Qual homem se arvorará a manusear
os apetrechos de uma bolsa feminina, totalmente livre e desprovido da
insistente autocensura? Nenhum! Mesmo que elas a permitam, o nosso outro lado
feminino, ainda uma mera desconhecida, ficará a nos vigiar como se estivéssemos
cometendo um sacrilégio, pelo simples fato de termos que nos deparar com algo
que não deverá ser visto. Não há intimidade que permita tal abuso. A bolsa
feminina é mais insondável do que as liberdades que ao seu corpo permite. E nem
sei qual delas é mais acessível se a sua bolsa ou a sua alma.
Para nós, pretensos seres, antes,
repletos de um histórico poder e vivendo o ocaso dessa envergadura (com
trocadilho, por favor), foi-nos a época em que essa plenipotência nos dava o
direito de vasculhar delas o que quiséssemos. Temos toda a liberdade de
manusear os mais recônditos lugares do seu corpo e do seu coração, mas nenhuma
liberdade de chafurdar a sua bolsa. É como se estivéssemos metendo bedelho onde
nunca seremos chamados.
Nós, cenógrafos, costumamos criar
e desenhar objetos procurando seus signos e suas formas para um dia o
colocarmos em prática. Imaginem um número de dança ou um enredo de escola de
samba, só mostrando a relação entre a mulher e a sua bolsa. Não será preciso
palavras... Esse objeto corriqueiro nos traz divagações com ampla carga
simbólica. Desde quando elas saem de casa com os seus alforjes, checando o seu
conteúdo; as coisas que tiram e colocam de volta; as suas aflições quando não
sabem onde está o que procura; como a põe e os joga na mesa á procura do objeto
perdido; como a utiliza como proteção, apertando-a contra o peito e quando a
sustentam como um fardo.
Além de servir à sua função
explicita - que é a de guardar e carregar objetos indispensáveis do cotidiano
feminino - a bolsa demonstra que também pode simbolizar o peso da sua vida.
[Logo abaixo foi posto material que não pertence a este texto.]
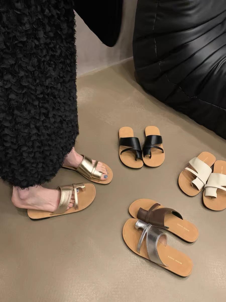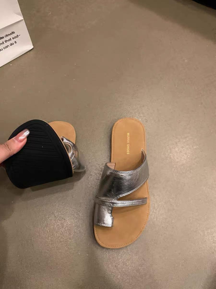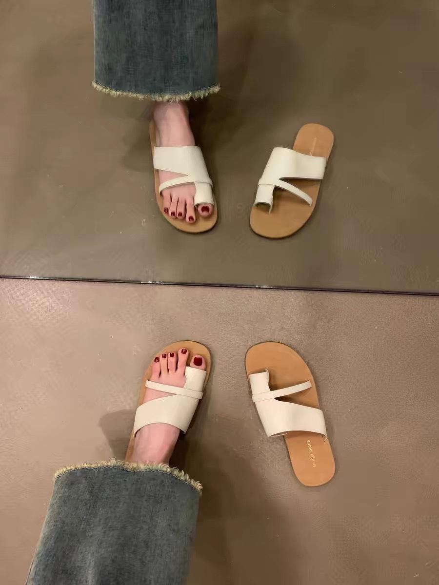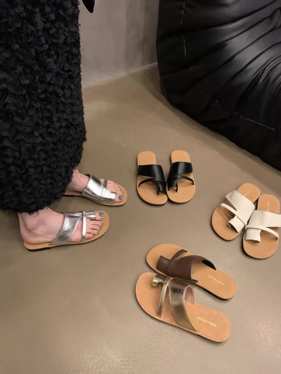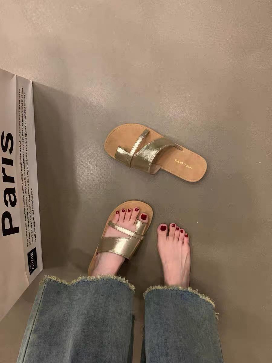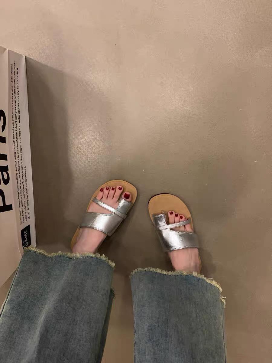 Pantuflas de Punta Cubierta de Manga Retro Estilo Coreano para Mujer Verano 2024 Nuevo Nicho Plano Suela Suave Sandalias de Playa

Se
Freud estivesse vivo, para estudar esse universo, hoje em dia, teria muito a
dizer dessa mulher na relação orgânica com a sua bolsa. Essa junção seria uma
fonte inesgotável de pesquisa para as suas teorias analíticas.
Para nós, a bolsa feminina pode
ser considerada um microcosmo desse mundo cheio de obrigações e peso. Dentro de
cada bolsa feminina reside uma miniatura da sua própria casa. Tudo que seja
necessário para sobreviver no dia a dia, estão ali contidos. Tanto os objetos
das necessidades básicas, como escova de cabelo, agenda, um lenço, um
comestível qualquer, uma calcinha, absorvente etc. Na verdade, berloques sem
nenhuma aparente utilidade prática são indispensáveis para a sua segurança.
Enfim, a bolsa de uma mulher
não é igual à nossa bolsa. Ela é muito mais de que uma portadora de objetos que
servirão ao seu dia a dia ou à sua vaidade. Ela é o seu útero portátil, recheado
de pequenas lembranças afetivas e recordações das quais tem dificuldades de
esquecer. Por isso as carrega, expurgando o supérfluo na próxima faxina. E
hoje, a bolsa das mulheres também porta documentos, processos... Virgem, Maria!
Pelo apego umbilical com que se agarra à sua bolsa doméstica, qual será o grau
de aderência com as recheadas de processos e negócios na disputa acirrada do
mercado? Lógico, que se for com a mesma intensidade: vencerão. Talvez seja por
isso que aquele nosso tão esquecido, relegado e desconhecido “lado” nos contém
e nos reprime quando nos aventuramos a mexer em uma bolsa feminina.